Évidemment, l’austérité québécoise n’est pas l’austérité grecque. Il n’y a aucune raison de croire que la situation sanitaire du Québec puisse se détériorer autant. Les leçons des deux chercheurs américains ne sont pas dépourvues d’intérêt pour autant. Bien au contraire, elles confirment scientifiquement une conviction du sens commun : dans les moments de troubles économiques et sociaux, alors que l’angoisse et la précarité sont à leur comble, le filet social et les aides publiques sont plus nécessaires que jamais. Les moments de crise devraient être l’occasion de les renforcer, pas de les mettre à mal.

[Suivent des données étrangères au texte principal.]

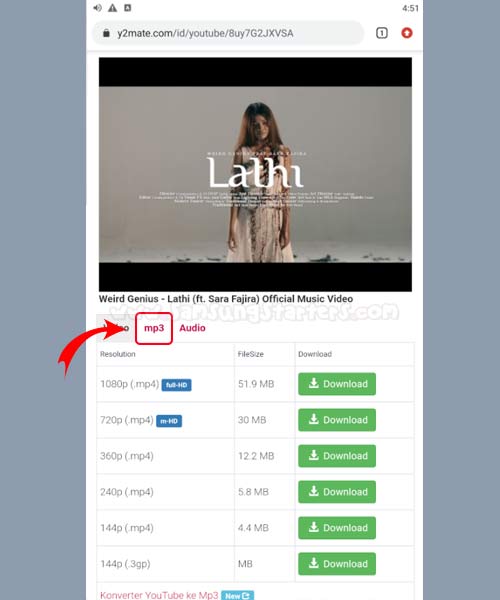 d. Pilih Format: Pilih format audio yang diinginkan dan klik tombol download.
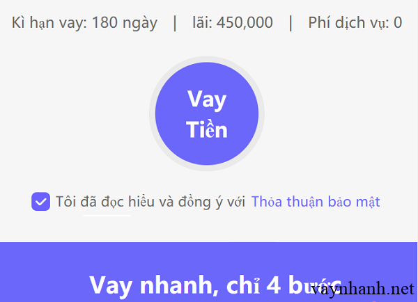 Ngoài ra, khách hàng có thể vay lãi suất 0% / năm và thuật ngữ cho vay cũng cực kỳ hợp lý để cung cấp sự hài lòng của khách hàng khi khách hàng sử dụng dịch vụ.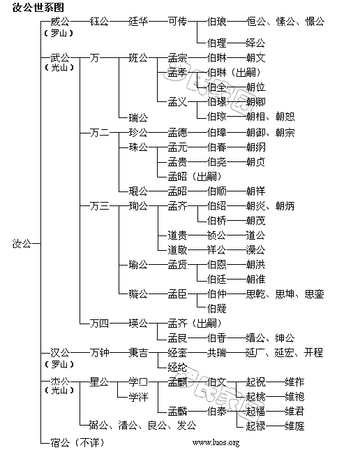 一,豫南罗氏 1,汝公世系 罗汝,字文宽,号海涵,珠公第四十世孙,祖籍江西吉安府吉水县竹溪村。原配何氏,继配胡氏、李氏。公“荫袭武略”,至正元年(1333)与弟罗渭同时进举。授举人教习,又授江宁府高淳县令,奔赴抚州,于至正八年(1341)擢升镇南总管大将军。 时值元末战乱,罗汝恪尽职守,与佐相总帅李甫率领元军同洪武部下徐寿辉、陈友谅大小百余战,元军伤亡惨重,钱尽粮绝,汝公与三位夫人同时战死沙场。 公幸存五子:长曰威,次曰武,三曰汉,四曰杰,五曰宿,他们隐姓埋名,易姓为刘。洪武八年(1376)大赦天下,汝公五子始得复姓真名。分别由江西九江、帆渡、湖广、麻城、黄州迁徙豫南罗山县、光山县、信阳县、息县、固始、正阳、汝南等地、市落籍。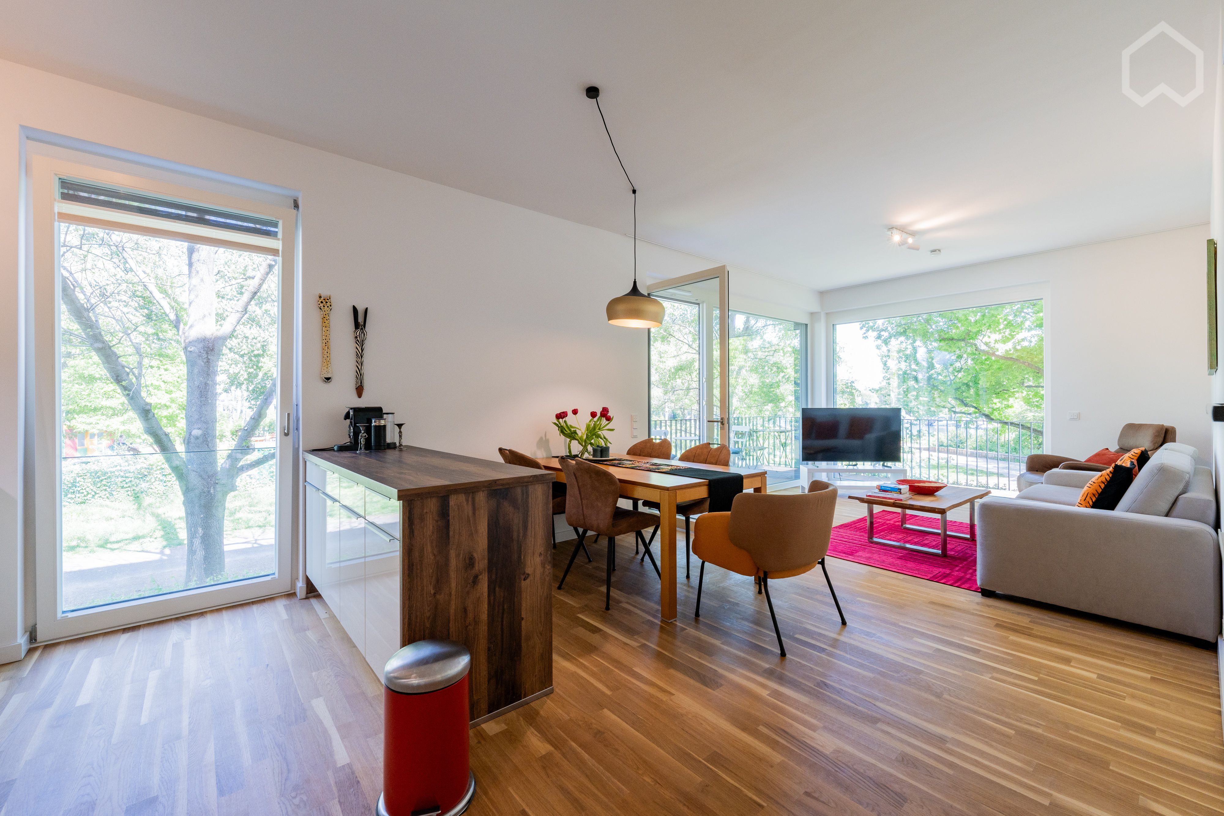 Neue und stilvolle Wohnung auf Zeit mit Blick auf die Alte Spree gegenüber der Baumgarteninsel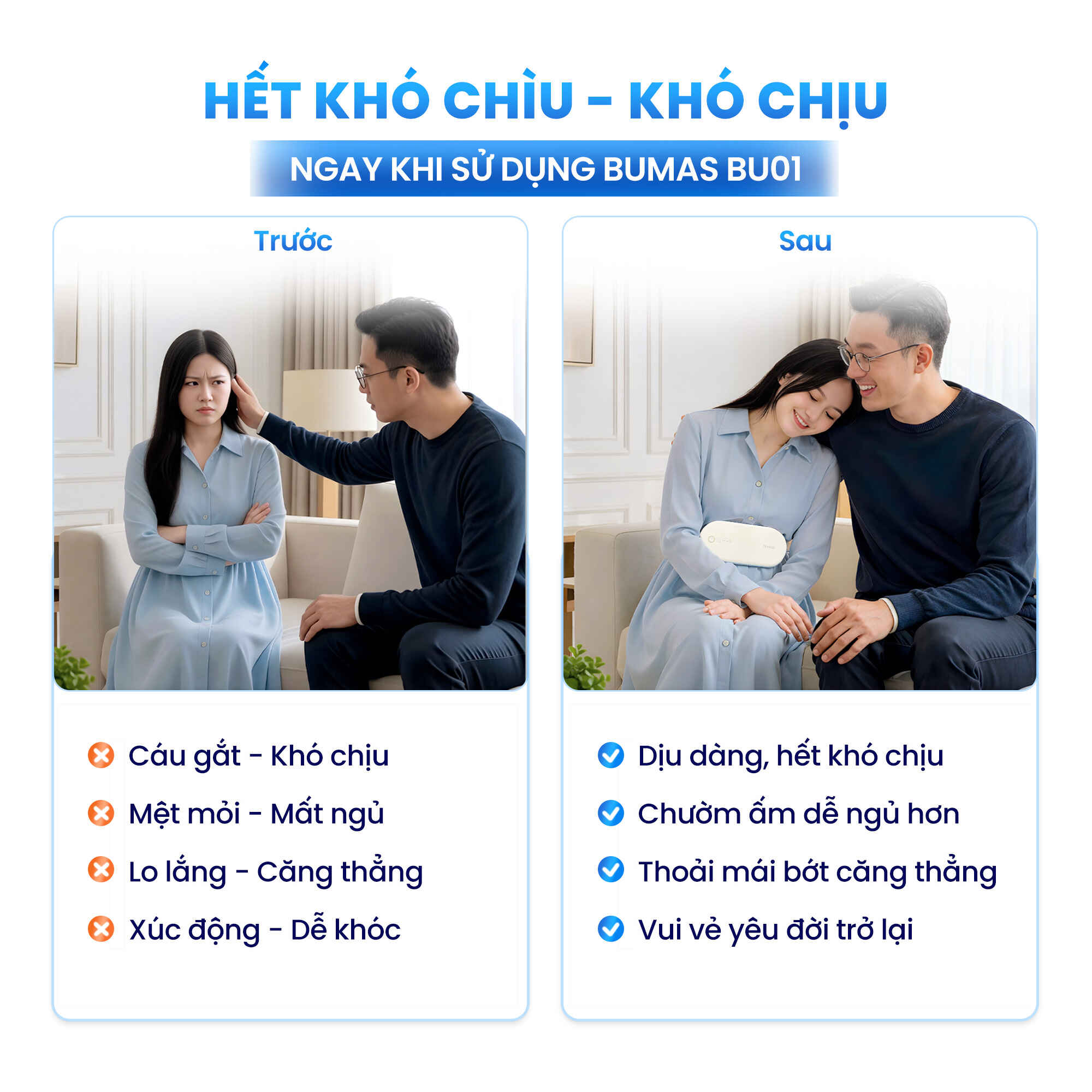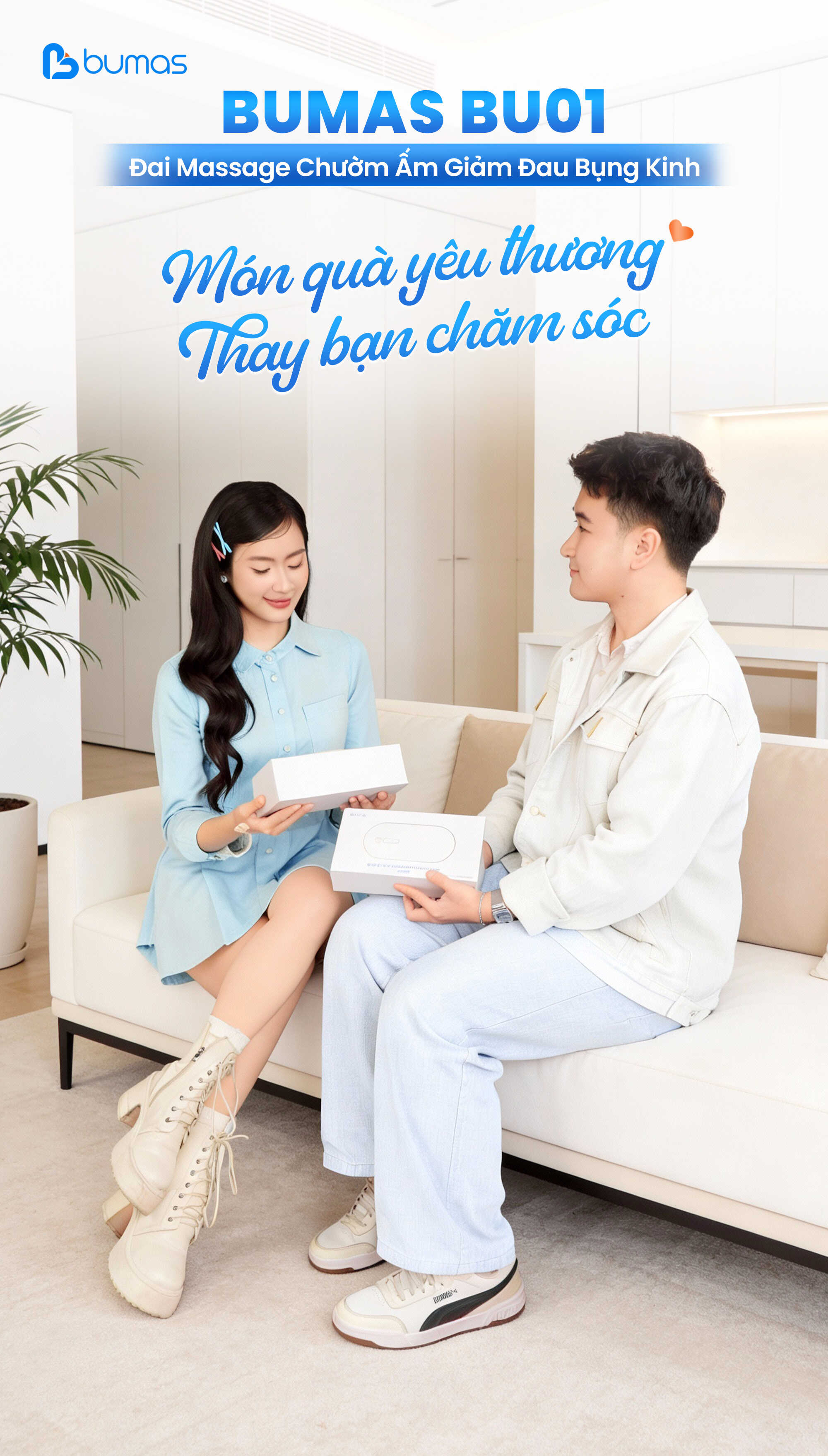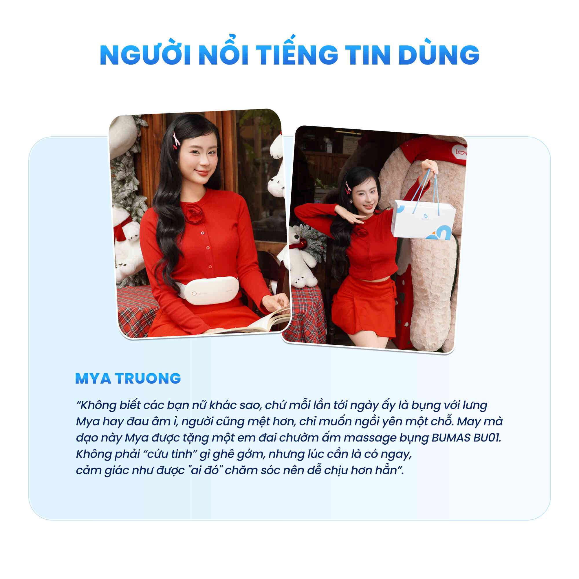 Đai massage bụng BU01 của BUMAS không chỉ làm ấm bụng còn các khả năng tác động sâu tử cung giúp đẩy nhanh giảm đau bụng kinh hơn, công nghệ kiểm soát nhiệt an toàn tuyệt đối với nhiều chế độ hơn cùng 6 điểm rung massage tạo cảm giác dễ chịu)

Stuckler et Basu vont même plus loin : loin de représenter un fardeau ou un frein à la prospérité nationale, le renforcement des services sociaux contribue de manière significative à la relance de l’économie! Autrement dit, la solidarité sociale permet non seulement d’éviter que la récession se transforme en hécatombe, elle contribue également à sortir l’économie du marasme. Selon nos deux chercheurs, chaque dollar investi en santé publique génère le triple en termes de croissance économique. Le gouvernement Couillard peut-il se vanter d’un tel retour sur l’investissement en ce qui concerne les 450 millions investis dans la cimenterie de Port-Daniel? Qu’on nous permette d’en douter.

Nous voilà presque revenus à mon propos de la semaine dernière: l’équilibre des comptes publics, ainsi que la prospérité de manière générale, sont des moyens d’atteindre certains objectifs sociaux et non des fins en soi. Plus encore, la mesure de la prospérité d’une collectivité ne peut être uniquement économique. L’efficacité des politiques économiques doit être évaluée à l’aulne d’une multiplicité de facteurs sociaux. Que vaut l’atteinte du déficit zéro si elle s’accompagne d’une détérioration de notre santé? Les choix économiques sont des choix politiques, voire vitaux. Les chiffres sont clairs, au-delà de toute ambiguïté interprétative : le prix de l’austérité se paie aussi en vies humaines.

Le débat actuel met donc à rude épreuve la sincérité du serment d’Hypocrate de certains médecins. Entre leur formation médicale et leurs convictions néolibérales, les docteurs Barrette et Couillard ont manifestement fait leur choix.